• How to complete this task
Give back exactly the lines from the "GM Small Block" line to the final line of the records, and only those, minus any pictures.
:::
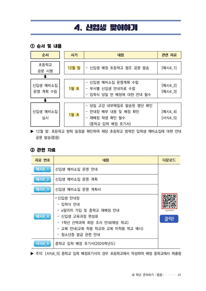 이번 자료는 교원이 새 학기에 겪는 행정 업무 부담을 덜고 학생 교육 준비에 전념할 수 있는 환경을 조성하고자 제작됐다.
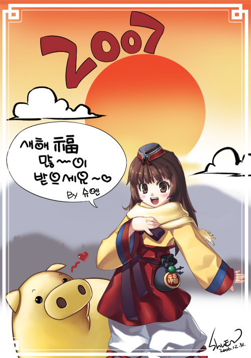 1girl 2006 2007 :d artist_name bad_id bag baji black_bag black_eyes black_hat blush bokjumeoni border brown_eyes brown_hair chima_(clothes) chinese_zodiac cloud commentary_request dated drawstring drawstring_bag eyelashes gold_fur gradient_sky hanbok hand_on_own_hip hat heart high-waist_skirt jeogori_(clothes) korean_clothes korean_commentary looking_at_viewer medium_skirt new_year nostrils open_mouth original pants pig pillbox_hat purple_ribbon red_skirt red_trim ribbon scarf shuen simple_background skirt sky smile solid_eyes speech_bubble standing sun teeth tongue translation_request upper_teeth_only waist_bag white_border white_pants wide_sleeves year_of_the_pig yellow_jeogori yellow_scarf yellow_sky yellow_sleeves
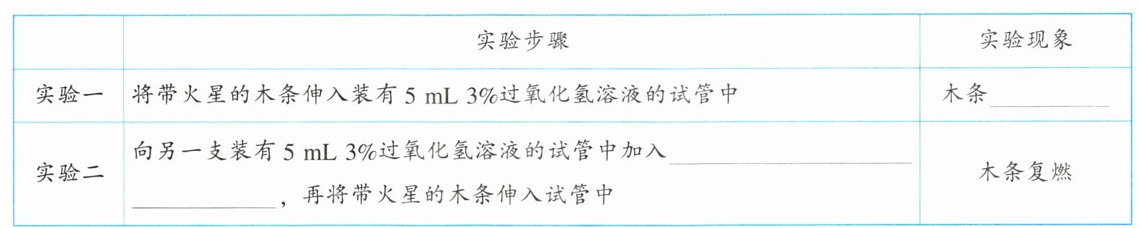 。【实验验证】取1 g纯净的氧化铜粉末,两支装有5 mL 3%过氧化氢溶液的试管,进行以下实验:
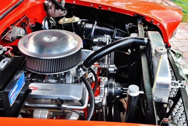GM Small Block 350 EngineTurbo 350 Automatic TransmissionRoman Red Exterior over Red & White InteriorPower SteeringFront Power Disc BrakesBorla ExhaustFactory Power TopUpdated Dakota Digital Dash and ClockStock ChassisLowered 2" w/Dropped Spindles in the FrontUpdated Headlights and LED Taillights w/Third Brake LightVery Nice Chrome and Stainless w/Accessory Front/Rear Bumper GuardsRuns, Drives and Handles Excellent
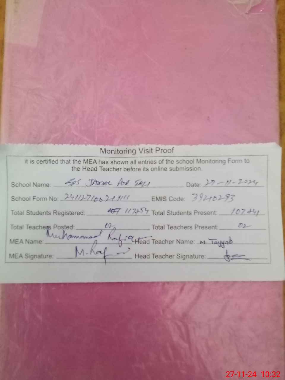 | EMIS Code: 39210293 | Name of School: GPS JAMAL PUR TALI | |||
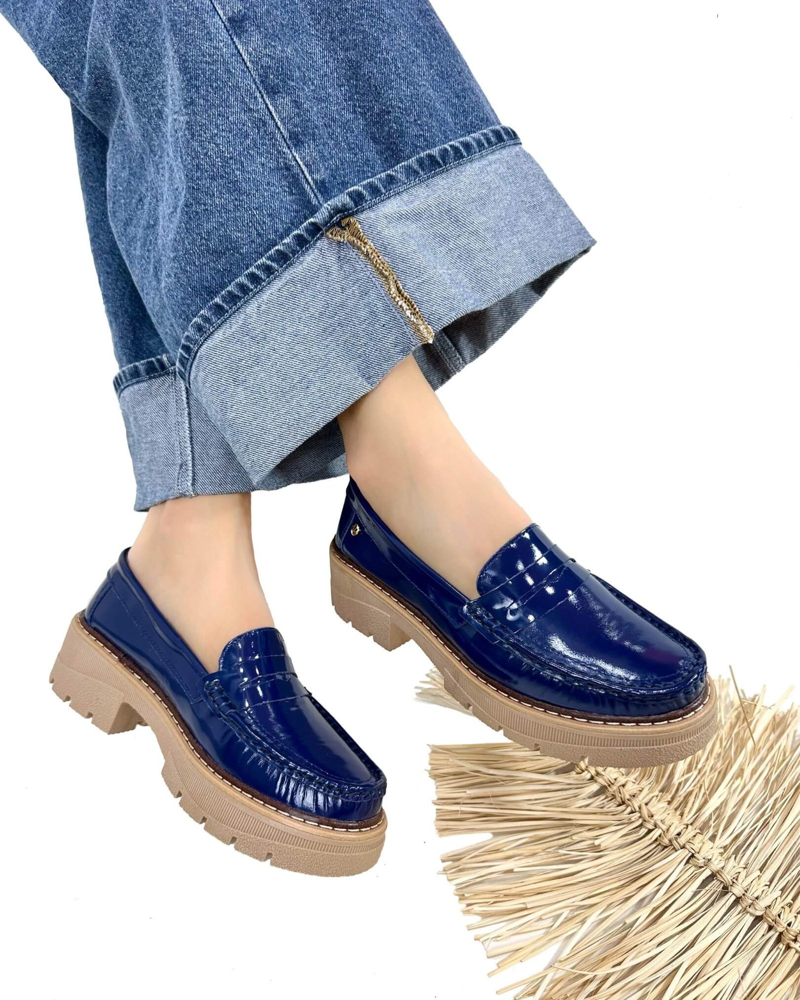 Mocasin Retro Charol Antifaz Azul
:::
• Output
GM Small Block 350 EngineTurbo 350 Automatic TransmissionRoman Red Exterior over Red & White InteriorPower SteeringFront Power Disc BrakesBorla ExhaustFactory Power TopUpdated Dakota Digital Dash and ClockStock ChassisLowered 2" w/Dropped Spindles in the FrontUpdated Headlights and LED Taillights w/Third Brake LightVery Nice Chrome and Stainless w/Accessory Front/Rear Bumper GuardsRuns, Drives and Handles Excellent
 | EMIS Code: 39210293 | Name of School: GPS JAMAL PUR TALI | |||
 Mocasin Retro Charol Antifaz Azul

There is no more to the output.